UCL Logo

Modeling Auditory Scene Analysis by multidimensional statistical filtering: Azimuthal localization of concurrent speakers using a binaural auditory model


Volker Hohmann

Medical Physics, University of Oldenburg, Germany


'Auditory Scene Analysis' (ASA) denotes the ability of the human auditory system to decode information on sound sources from a superposition of sounds in an extremely robust way. ASA is closely related to the 'Cocktail-Party-Effect' (CPE), i.e., the ability of a listener to perceive speech in adverse conditions at low signal-to-noise ratios. This contribution discusses theoretical and empirical evidence suggesting that robustness of sound source decoding is partly achieved by exploiting redundancies that are present in the source signals.
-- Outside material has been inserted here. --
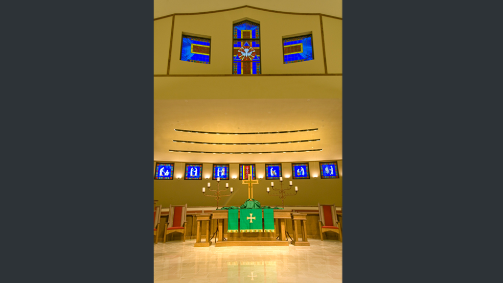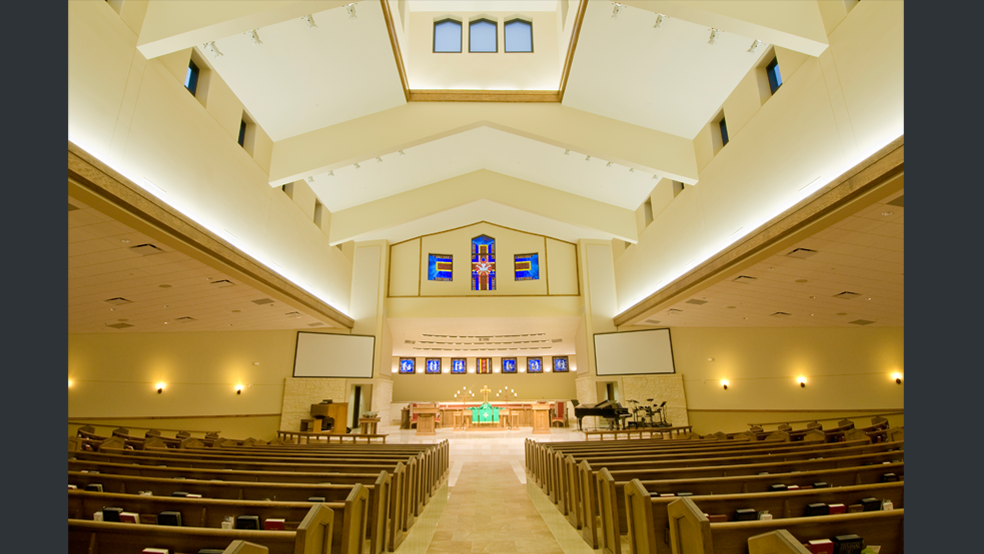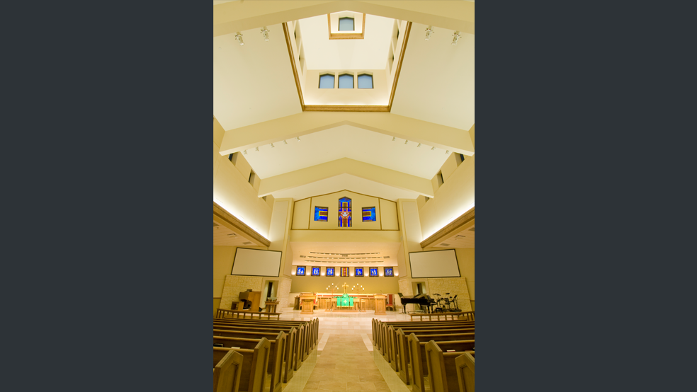 The three lamp coves were dual switched to give the congregation possible light levels of 33%, 66%, and 100%, an economical and practical solution that avoided the extensive costs of dimming ballasts throughout the sanctuary.

Redundancies reflect the restricted spectro-temporal and spatial dynamics of real source signals, e.g., of a speech signal produced by a human moving in a room, and limit the number of possible states and state transitions of the sound source. In order to exploit them, prior knowledge on the characteristics of a sound source needs to be represented in the decoder/classifier (‘expectation-driven processing’).

In a proof-of-concept approach, novel multidimensional statistical filtering algorithms have been shown to successfully incorporate prior knowledge on the characteristics of speech and to estimate the dynamics of a speech source from a superposition of speech sounds [1]. In an extension of this approach, a computational model for the localization of concurrent speakers from a binaural signal using a binaural auditory model [2] is presented.


[1] Nix, J. and Hohmann, V. (2007) "Combined estimation of spectral envelopes and sound source direction of concurrent voices by multidimensional statistical filtering" IEEE Trans. Audio, Speech and Lang. Proc. 15(3): 995-1008.


[2] Dietz, M., Ewert, S., Hohmann, V., Kollmeier, B. (2008). "Coding of temporally fluctuating interaural timing disparities in a binaural processing model based on phase differences." Brain Research 1220: 233-244.